Decision Trees for Machine Learning

You can either read this blog post or watch the following video. They both cover the face recognition with neo4j graph database.

Installation

Neo4j is based on java. This is clear because the J term in its name comes from java. I am using openjdk 1.8.0_282 in my macbook. Neo4j community edition 3 is compatible with java 1.8. Nowadays, the latest version of neo4j compatible with java 1.8 is 3.5.27. I will use this version in my experiments.

Besides, we will need neo4j graph data science library to handle similarity calculations. GDS 1.1.6 version is compatible with neo4j 3.5.27. It will download a zipped jar. You should unzip it and move the neo4j-graph-data-science-1.1.6-standalone.jar into the NEO4J_HOME/plugins folder.

Once you downloaded the community server, you should run the neo4j command in bin directory with console argument. Its equavilent is neo4j.bat in windows platforms.

cd /Users/sefik/Downloads/neo4j-community-3.5.27/bin
./neo4j console
Running Neo4j

Then, we will access neo4j console in the browser. Its live address should be appear in the command prompt: Remote interface available at localhost:7474 . On the other hand, we will access it on 7687 port with python client because it is mentioned that: Bolt enabled on 127.0.0.1:7687.

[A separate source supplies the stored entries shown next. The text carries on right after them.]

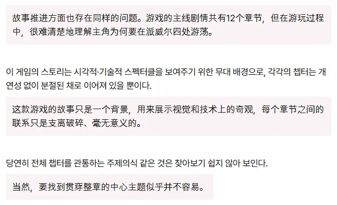 下文中记者提到了Steam上60%左右褒贬不一的评价,称本作是一款“问题重重的游戏”,本作“未能听从用户意见,因其太过注重炫耀技术力和内容量。”记者还说到,本作的剧情同样让人一头雾水,各个章节之间的联系支离破碎,毫无意义。
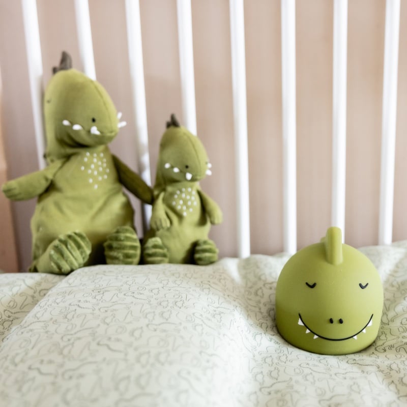 Ga slapen met je favoriete dierenvriendje van Trixie. Mr Dino houdt je kindje wanneer je hij/zij moet gaan slapen. De nachtlamp is gemaakt uit 100% zachte siliconen en heeft verschillende lichtintensiteiten. De intensiteit van het licht pas je heel makkelijk aan door op het hoofd van Mr Dino de tikken.
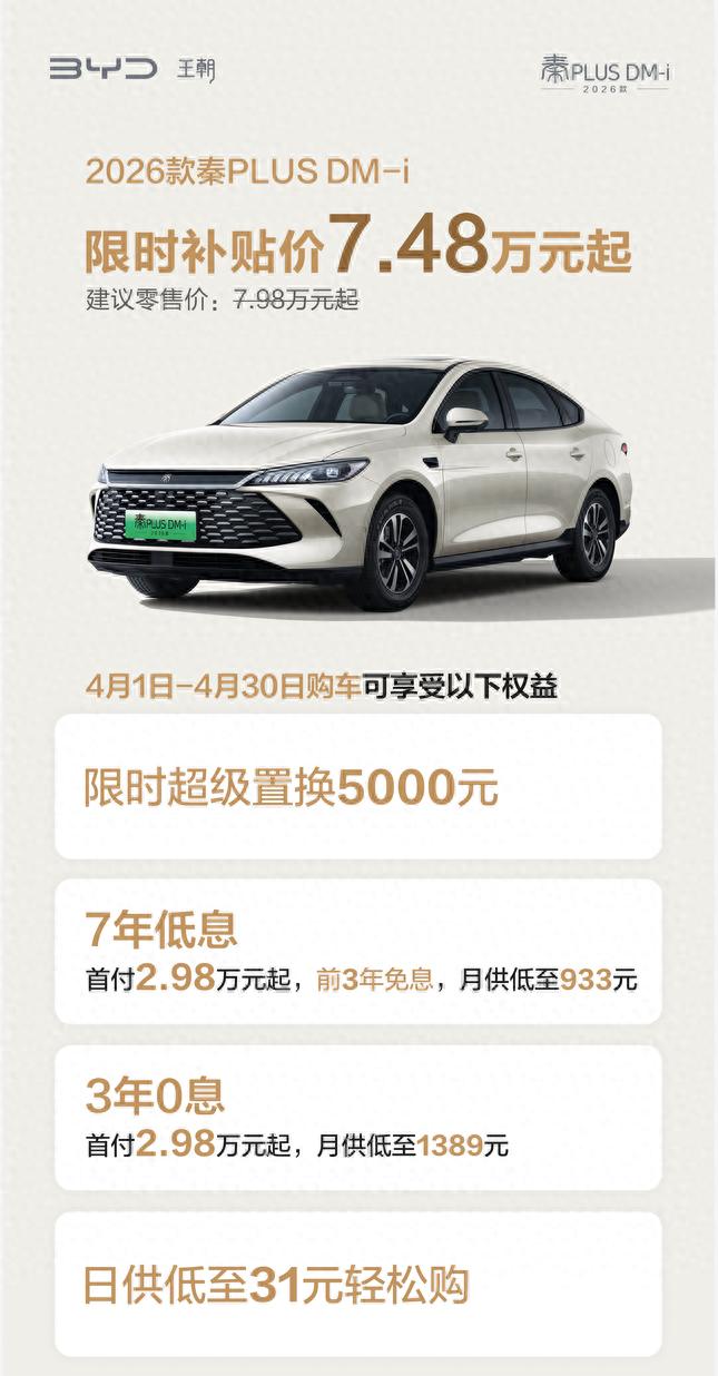 4月1日,比亚迪官方推出2026款秦PLUS DM-i限时购车权益,覆盖置换补贴与低息金融方案两大维度,活动截止日期为4月30日。

When you visit localhost:7474 in your browser, you are expected to enter credentials to connect. The default username password pair is neo4j. You will change the default password when you connect once.

Neo4j console
Deepface

We will use deepface library for python to handle facial recognition tasks.

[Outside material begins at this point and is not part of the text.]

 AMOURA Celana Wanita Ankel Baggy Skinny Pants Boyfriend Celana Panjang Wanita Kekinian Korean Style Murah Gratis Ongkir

Let’s start with importing the library.





#!pip install deepface
from deepface import DeepFace

There are lots of facial images in its unit test folder. We actually do not know the identities of those items. Let’s read those items first. Python comes with an out-of-the-box operation system (os) module and it can walk in folders. We will store the files with .jpg extension in deepface/tests/dataset folder.

import os
img_paths = []
for root, dirs, files in os.walk("deepface/tests/dataset/"):
    for file in files:
        if '.jpg' in file:
            img_path = root+file
            img_paths.append(img_path)
Face recognition pipeline

A modern face recognition pipeline consists of 4 common stages: detect, align, represent and verify. Luckily, deepface handles all of those stages in the background..

Face recognition model

There are many state-of-the-art face recognition models that reached and passed the human level accuracy already: VGG-Face, Facenet, Dlib, ArcFace. You can run any of those models within deepface, they are all wrapped.

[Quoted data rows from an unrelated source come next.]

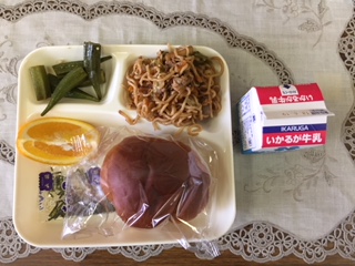 【焼きそば・オクラの中華あえ・オレンジ・パン・牛乳】
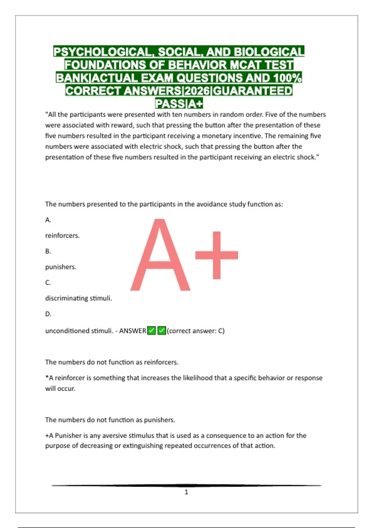unconditioned stimuli. - ANSWER (correct answer: C)
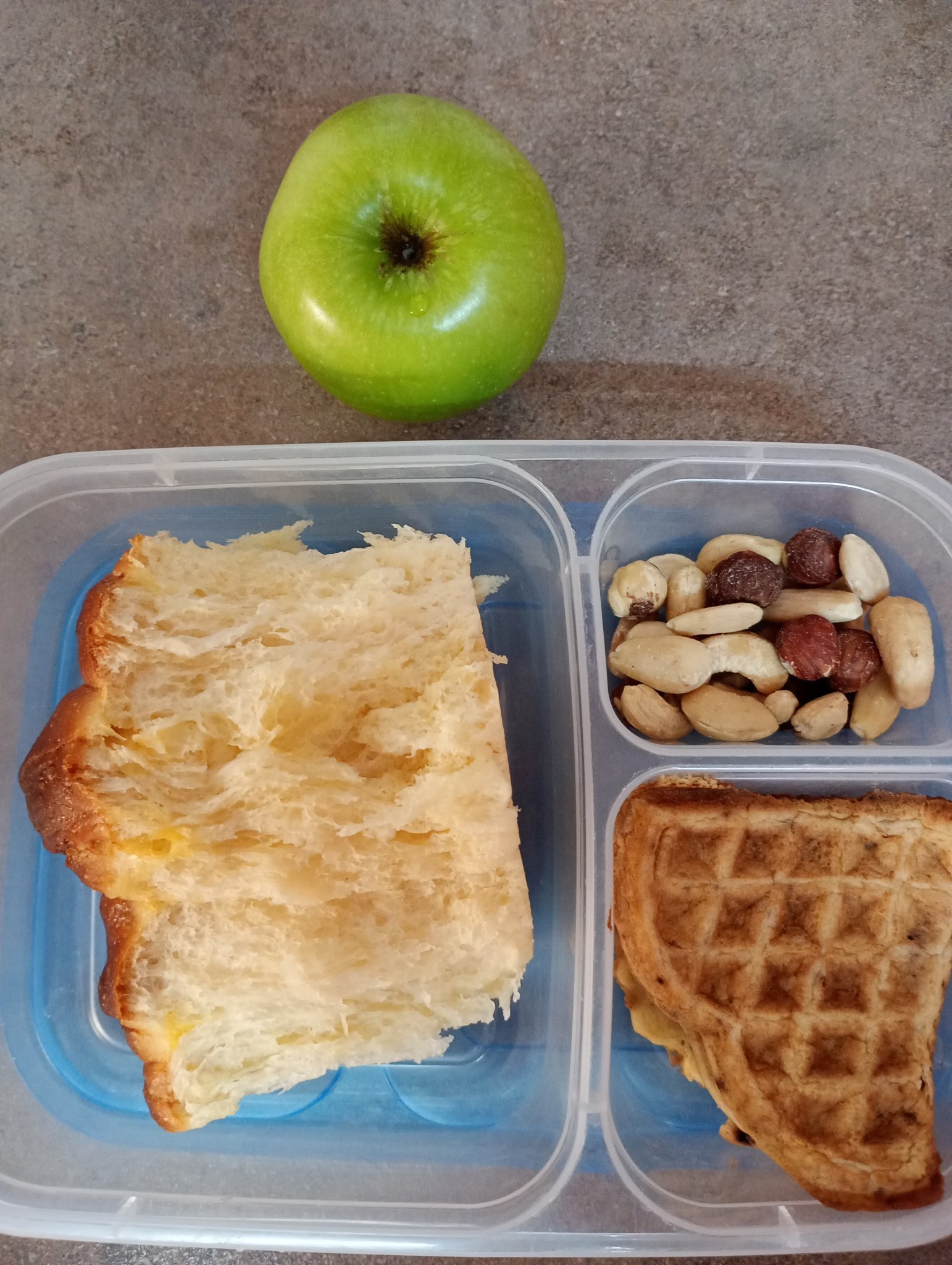 Парче от питка със сирене,която правих вчера, гофрети с шоколад, сурови ядки,ябълка.

I’m going to use Facenet model in this experiment. It expects 160×160 shaped inputs whereas represent facial images as 128 dimensional vectors.

Finding vector representations

Unit test items are stored in image paths variable in the previous step. We are going to find vector representations for those facial images. Here, preprocess face function covers face detection and alignment whereas predict function handles representation.

instances = {}
for img_path in img_paths:
    #raw image name without path and extension
    label = img_path.split("/")[-1].split(".")[0]

    embedding = DeepFace.represent(img_path=img_path, model_name = "Facenet")[0]["embedding"]
    
    instances[label] = embeding
Neo4j client for python

We can communicate with neo4j server with its python client.

# !pip3 install neo4j-driver
from neo4j import GraphDatabase, basic_auth

driver = GraphDatabase.driver("bolt://localhost:7687"
   , auth=basic_auth("neo4j", "neo4j"))

session = driver.session()

You can flush your graph database in initialization to have an empty graph database. Match (n) command finds all existing nodes, detach delete n command deletes the node list returned from the match command. Of course, you can run this delete statement in neo4j console.

#flush database
result = session.run("MATCH (n) DETACH DELETE n")
#MATCH (n {name: 'img1'}) DETACH DELETE n
Creating nodes

We have found vector embeddings for facial images in previous step. Now, we will insert facial image entities as nodes. Vector embeddings and labels will be its properties. Let’s prepare those statements first.

statements = ""
for img_label in instances.keys():
    statements += "MERGE (%s_face:Face {name:'%s'})" \
                  " SET %s_face.embedding = %s \n" % (img_label
                  , img_label, img_label, instances[img_label])        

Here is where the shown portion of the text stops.